ADVERTISEMENT

Machine-Learning Approach Identifies Wolfcamp Reservoirs

You have access to this full article to experience the outstanding content available to SPE members and JPT subscribers.

To ensure continued access to JPT's content, please Sign In, JOIN SPE, or Subscribe to JPT

This paper discusses a project with the objective of leveraging prestack and poststack seismic data in order to reconstruct 3D images of thin, discontinuous, oil-filled packstone pay facies of the Upper and Lower Wolfcamp formation. The classification results were created by neural networks, which can be used as a substitute for traditional amplitude-vs.-offset, inversion, and cross-plotting techniques for seismic reservoir characterization.

Introduction

The problem encountered by the operator in this oil field is that the reservoir, an oil-filled packstone, is thin and laterally discontinuous. Despite having collected a high-resolution, state-of-the-art 3D seismic survey with usable frequencies up to 138 Hz, and despite having generated seismic attribute volumes in order to assist interpretation, the operator was unable to generate an interpretation manually that matched the rock-type interpretation at the wells. Therefore, the decision was taken to supplement the human interpretation with a machine-learning methodology.

Geological Setting

The East Soldier Mount (ESM) study area is approximately 200 km northeast of Midland, Texas, USA, on the eastern shelf of the Permian Basin. The study area contains both Upper and Lower Wolfcamp oil-filled packstones, which are thin and laterally discontinuous. Bioturbation and oolitic shoals caused the initial porosity; however, much of the porosity was occluded by cementation after burial. The porosity was enhanced by fracturing that occurred after burial, caused by differential compaction beneath and tectonic faulting in the deeper formations. Many millions of years after burial, oil leaked into the Tannehill sand (Middle Wolfcamp) detrital, then migrated up the detrital zone into the delta, which is located 2 km west of the study area. Then, the oil migrated out of the delta and into the study area itself. Middle Wolfcamp deltaic sands are not collocated with the seismic survey and thus are not part of this study. They were, however, the conduit for oil migration into the ESM wells.

The total drilled depth for these vertical wells is approximately 1500 m. Each successful well produces approximately 3–4 million bbl of reserves. These wells flow naturally, without the need for hydraulic fracturing.

Theory and Definitions

The technique developed in this paper assumes the existence of a relationship between a seismic response at a given point and the rock-type distribution around this point. However, no model has been established yet and the mathematical formulation of such an operator is complex. Its determination would imply the need for a long empirical process to evaluate the consequence of rock-type distribution on seismic response. Estimating the number of parameters is challenging and is a function of the geological context, measurement constraints, and experimental design. Therefore, the work flow is to create an operator by using learning techniques.

As with any learning method, the presented technique, democratic neural network association (DNNA), needs a representative data set in order to build a robust operator. Unfortunately, rock type is not available as a volume and has to be approximated by the lithofacies distribution defined within vertical windows along the borehole.

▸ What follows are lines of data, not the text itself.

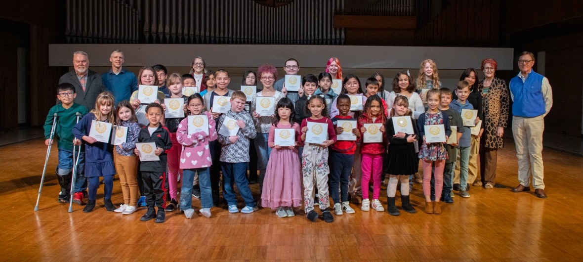The LUX Center for the Arts honored 49 students from 23 Lincoln Title 1 schools with scholarships at its Ninth Annual Art Scholar Ceremony, held on Sunday, January 19, 2025, at O’Donnell Auditorium at Nebraska Wesleyan University. The event celebrated the recipients of $500 scholarships through the LUX Art Scholar Program, which provides young artists with opportunities to expand their creativity and further their artistic education.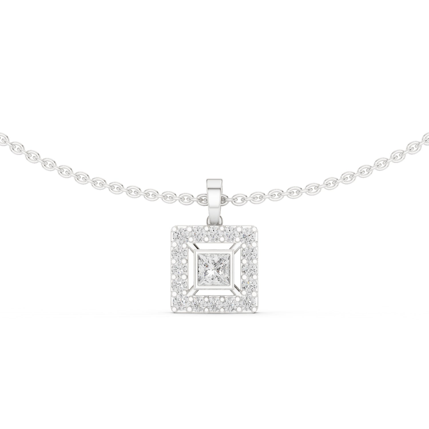 18k White Gold Princess/Round Lab-Grown Diamond Party Wear Pendant for Women | Pure Carat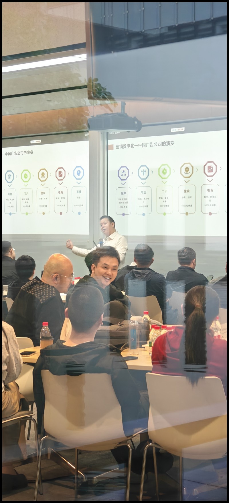 晚宴有学生招呼,缺席了。出去路过湖畔创研中心的教室,发现玻璃墙后的教室正在进行广告业务讲座。
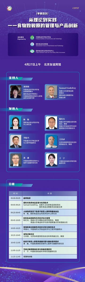 本次大會在落實“大食物觀”的進程中,更加豐富的食物資源也帶來了新的食物過敏原風險,為此,大會以“從理論到實踐——食物致敏原的管理與產(chǎn)品創(chuàng)新”為題設置專題,系統(tǒng)性分析當前食物過敏發(fā)病率與危害,國內外過敏原風險評估與管理新進展,微藻、昆蟲蛋白等zhong點新型食物來源中潛在的致敏物質及其控制和檢測技術等。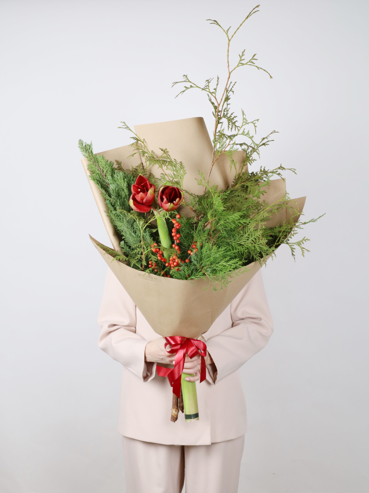 ХВОЙНЫЙ МИКС С ИЛЕКСОМ И АМАРИЛЛИСОМ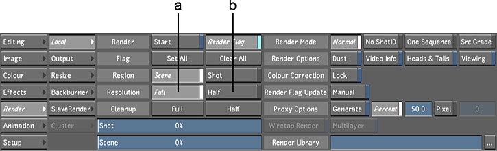 You can render your original shots at full resolution, which is the same resolution as the original footage, or at half resolution. You can also render resized shots at either full or half resolution. If you use half-resolution scans as the source, they can affect the quality of the output but are usually faster to process. You may opt to do this if you want a quick, intermediate render as opposed to a final quality render.

Many limitations are identified clearly for discrete prediction using seismic data. Lithological information, interpreted and gathered at wells, is not linearly correlated with seismic data. Facies are not ordered, and there is no notion of mathematical separation between them. A specific neural network is designed to learn in a specific way; therefore, using only one supervised neural network tends to bias the results of the training.

The problem of well-to-seismic data classification renders this one-goal approach unsatisfying because classes often overlap. The use of several networks running simultaneously as an associative combination is preferred.

With regard to the data, different approaches can be considered for simultaneously training several neural networks. Usually, multiple-view learning methods are used. The application of this kind of approach to facies prediction is not optimal in a reservoir-characterization sense because seismic data are interdependent.

The second approach is to simultaneously run different neural networks to be trained with the same hard data set. This single-view colearning approach provides the ability to handle the training of associative neural networks (ASNNs) with a unique set of seismic data attributes that are not necessarily independent, paired with the well information. This is the approach preferred by the authors.

The training steps of the democratic ASNN can be summarized as follows:

  • Define a number p of neural networks.
  • Apply learning over the p neural networks with each training set and examine the training quality by analyzing misclassification rates at well locations.
  • Apply a democratic vote system over a user-defined set of soft data and add the ones that pass the majority vote test as training data, with a lower weight than hard data.
  • Apply learning over p neural networks using the expanded training set now containing hard and soft data.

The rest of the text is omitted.